Thanks. I'm shooting a Canon 7D with a 70-200mm f/2.8 L IS II and a old EF 28-35mm f3.5-4.5. The 7D really came alive when I put the L on it.



shaunly said:


> Rekd said:
> 
> 
> > Oh, and for the record... Flickr's new layout blows big time. :twak:
> ...



Simple things... instead of 2 clicks to a link it's like 7 or 8 PLUS keystrokes to copy, or add a couple more clicks for that. Having to go thru a menu for just about everything, all in the same menu to boot, sux big time. The right click menu floats UNDER my normal right click menu.

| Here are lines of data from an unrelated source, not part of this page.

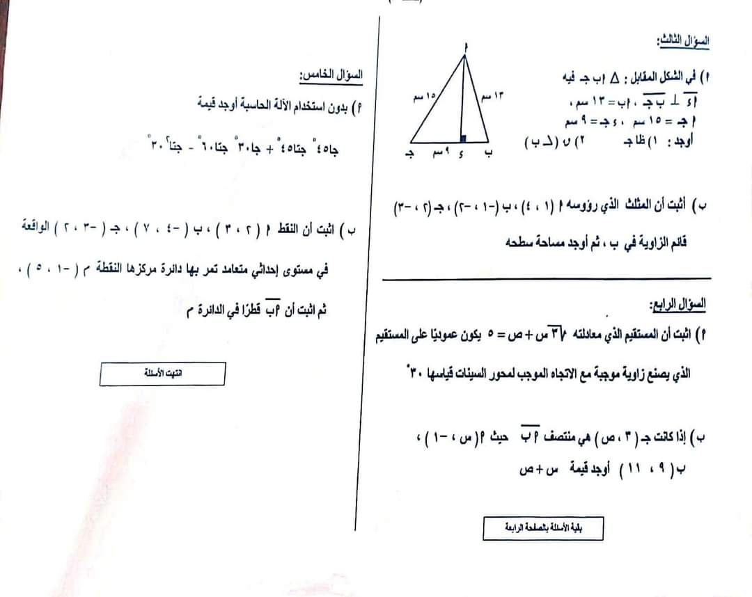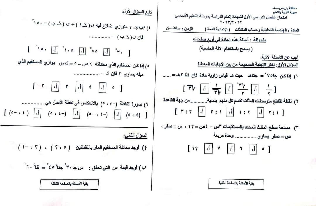 تحميل امتحان الهندسة وحساب المثلثات محافظة بني سويف الصف الثالث الاعدادي الترم الاول 2023
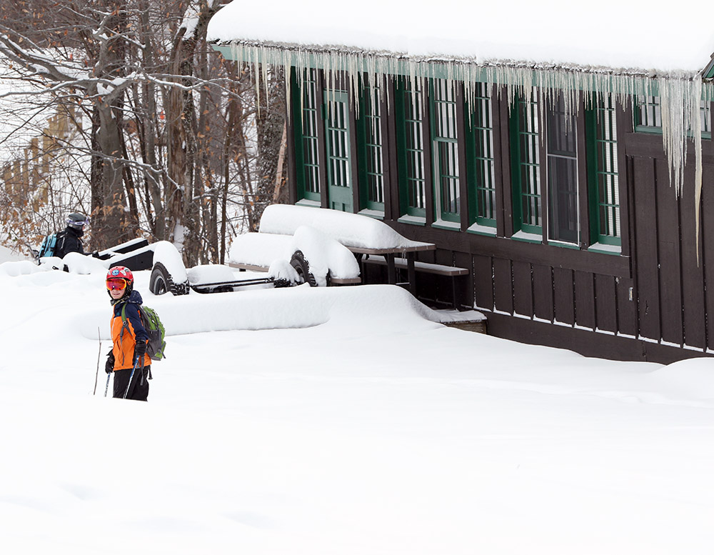 A view of snowy Brant Cabin today as I stopped by briefly during my ski tour for a drink and some photos.
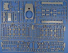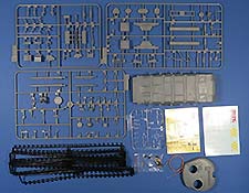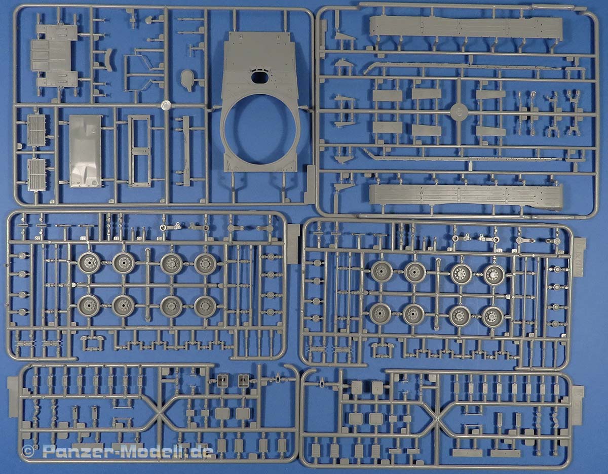 Werfen wir also einen genaueren Blick in den Bausatzkarton. Hier finden wir 17 graue, 5 schwarze Spritzlinge, 9 Gummispritzlinge, ein Klarsichtspritzling, die Unterwanne, das Turmoberteil, eine PE Platine, 15 gedrehte Metallteile, verdrilltes Kupferseil und ein Decalbogen.
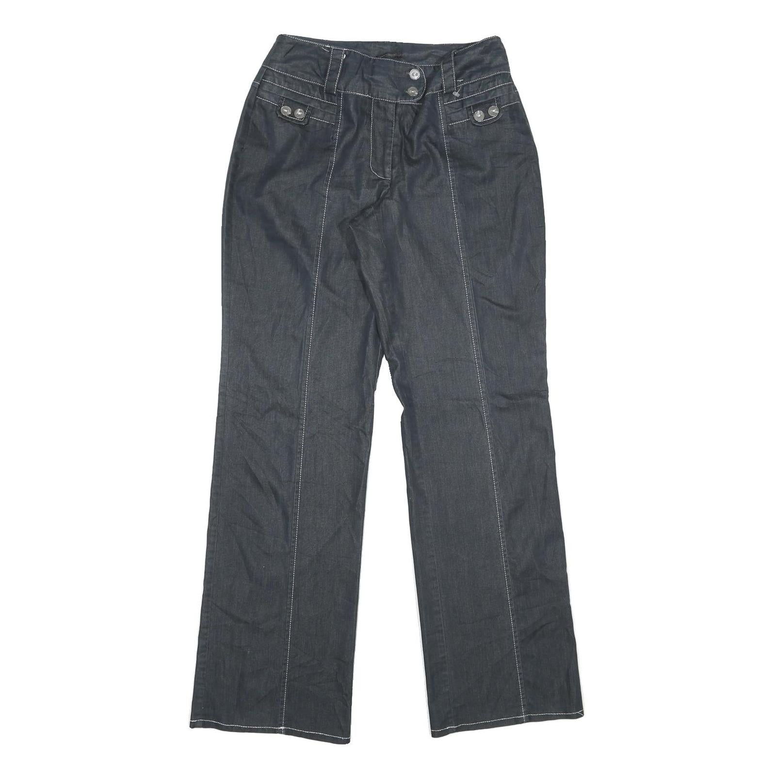 Womens Regular Fit Black Cotton Blend Zip Trousers W26 L31 Stylish

I really hate when places do this crap and completely take away the original, more fluid functionality. I'll find workarounds, but that's not the point.


----------



## kundalini (Aug 10, 2010)

ISO 6400







​


----------



## rufus5150 (Aug 10, 2010)

Uh, 7D, and some combination of 300mm f4L is perhaps with a 1.4exii, a 70-200 f4L is, 24-70 f2.8L. They should have exif and I can't check from here


----------



## thebeatles (Aug 10, 2010)

Older shot I scrounged up.  3200 ISO.


----------



## Rob_W (Aug 11, 2010)

ISO 6400 but i got him, the lone piper on the battlements at the Edinburgh 
Military Tattoo last year...


----------



## PerfectlyFlawed (Aug 11, 2010)

thebeatles said:


> Older shot I scrounged up.  3200 ISO.



Love this!


----------



## PerfectlyFlawed (Aug 11, 2010)

Rekd said:


>



OH!!! :O I want his [pink] bass strings!:thumbup: haha


----------



## PerfectlyFlawed (Aug 11, 2010)

Here is my contribution , I guess. One of my guitars... the BC Rich.
thought the noise added to it. 

ISO-2500





Heres another, a little more clear.
ISO-3200





If these images are to big.. ill put a smaller size up.


----------



## bentcountershaft (Aug 11, 2010)

Canon t1i
EF 24-70L @ 42mm f/3.2
ISO 3200
1/100 sec.








Same body & lens.
57mm @ f/2.8 
ISO 3200
1/160 sec.







Again, same body and lens.
28mm @ f/3.2
ISO 3200
1/100 sec.


----------



## icassell (Aug 12, 2010)

Lot's of people say that Canon's 400mm f/5.6L is a great birding lens in good light, but you need to invest in a  faster lens if you want the golden hours (especially if you want to handhold).  These were both taken handheld at dawn.

Canon 7D
Canon EF400mm f/5.6L

*Greater Yellowlegs*






ISO 3200 1/1000sec f/6.3 HH
Noise Reduction in Noiseware Pro
Crop, S/H in CS5
Sharpening in Genuine Fractals 6.0/CS5

*Great Blue Heron*






ISO 3200 1/1000sec f/6.3 HH
Noise Reduction in Noiseware Pro
Crop in CS5
Sharpening in GF6.0/CS5


----------



## javier (Aug 14, 2010)

Nikon D700 with an old manual Tokina 400F/5.6 at ISO 6400 pretty much in the dark...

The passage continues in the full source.